The snarling cat’s face emblem lives on a gloss black grille. There’s a wider lower intake with carbon fiber air dams for reduced drag and added engine cooling.

    More SVR touches include carbon fiber bonnet vents so hot air can exit from the supercharged V-8 and slit side vents inside the wheel arches to smooth side airflow and reduce front lift. The front bumper was extended outward over aggressive low-profile P265/35ZR20-inch Pirelli P-ZERO rubber to also aid airflow. They roll on lighter 10-spoke satin alloy and black wheels framing those huge cross-drilled carbon ceramic disc brakes with yellow Jaguar-badged calipers. The side mirrors behind thin A-pillars are carbon fiber too.

    The rear fenders flare wide over meatier P305/30ZR20-inch rubber before wrapping around the short tail. There is where slit LED taillights with cat’s eyes mimic the classic E-Type. The roof panel is more glossy carbon fiber weave, part of a low roofline that flows down a small fastback rear window. The tail is capped by a huge carbon fiber rear wing that rises at 70 mph to help reduce lift by 15 percent, according to Jaguar. The sculpted gloss lower aero piece has a carbon fiber diffuser to aid underbody aero control.

    The cockpit is tailor-made for two, amped up with more carbon fiber, special leather and soft suede done in black with red seat belts. Driver and passenger have to duck to get under the low roof and over aggressive side bolsters of 14-way power bucket seats done in Jet leather with quilt pattern. Tap the black start button in the center console and the engine barks to life. The thick-rimmed leather and suede steering wheel has power tilt and telescope plus aluminum shift paddles behind it. It frames a straightforward gauge package under a double-curved suede cowl, with 210-mph speedometer and an 8,000-rpm tach redlined at 6,800 rpm.

    A color LCD screen in between offers trip computer with radio, time, outside temperature, digital speedometer and gearshift position. The wide center console’s carbon fiber face frames a color touch screen for navigation, audio, climate control, parking sensors, backup camera with cross-traffic detection and phone. It also displays performance gauges – engine/transmission/steering/suspension setup and a stopwatch/gas and brake force/4-way G-force. But no voice command for stereo and navigation, and simple things like vent position and radio station scanning require going into their menus.

    A base rear-wheel-drive Jaguar F-Type with 340-horsepower V-6 starts at $61,400 for the coupe and $65,400 for the convertible.

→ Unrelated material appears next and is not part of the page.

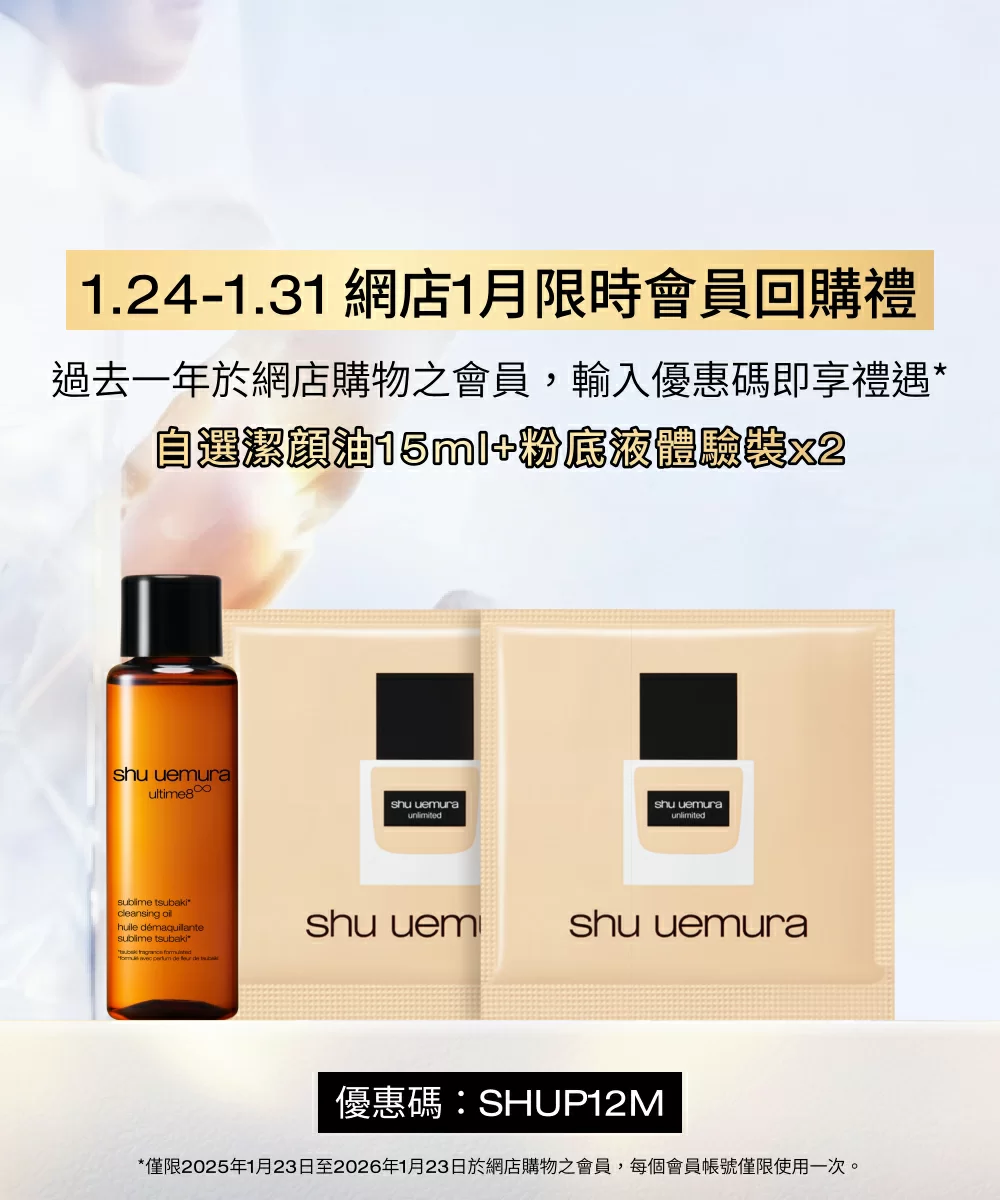 歡迎瀏覽https://www.shuuemura.com.hk/﹙「網站」﹚。使用網站前,請細閱條款及細則﹙「條款」﹚。網站由歐萊雅香港有限公司﹙「歐萊雅」﹚營運,地址為香港灣仔港灣道三十號新鴻基中心三十五樓。閣下使用網站,代表閣下接受條款,以換取歐萊雅提供之瀏覽權限。歐萊雅會不時修訂條款。因此,不論閣下瀏覽或使用網站,請繼續檢視條款。閣下在任何相關變更後使用網站,即同意遵守並受經修訂之條款約束。如閣下在任何時間不欲接受條款,閣下便不能使用網站。

But you basically double that for our 575-horsepower, all-wheel-drive SVR – $125,950, with the convertible version starting at $128,800. But that price includes everything we’ve mentioned here, including all the carbon fiber and carbon ceramic brakes, for a final price of $126,945 with destination.

    “Scratch the price,” says Scanlan. The Jaguar F-Type SVR is a dynamic sports car with all the right moves, enveloped in a sexy and aggressive body with the right pieces of carbon fiber.
    And that sound!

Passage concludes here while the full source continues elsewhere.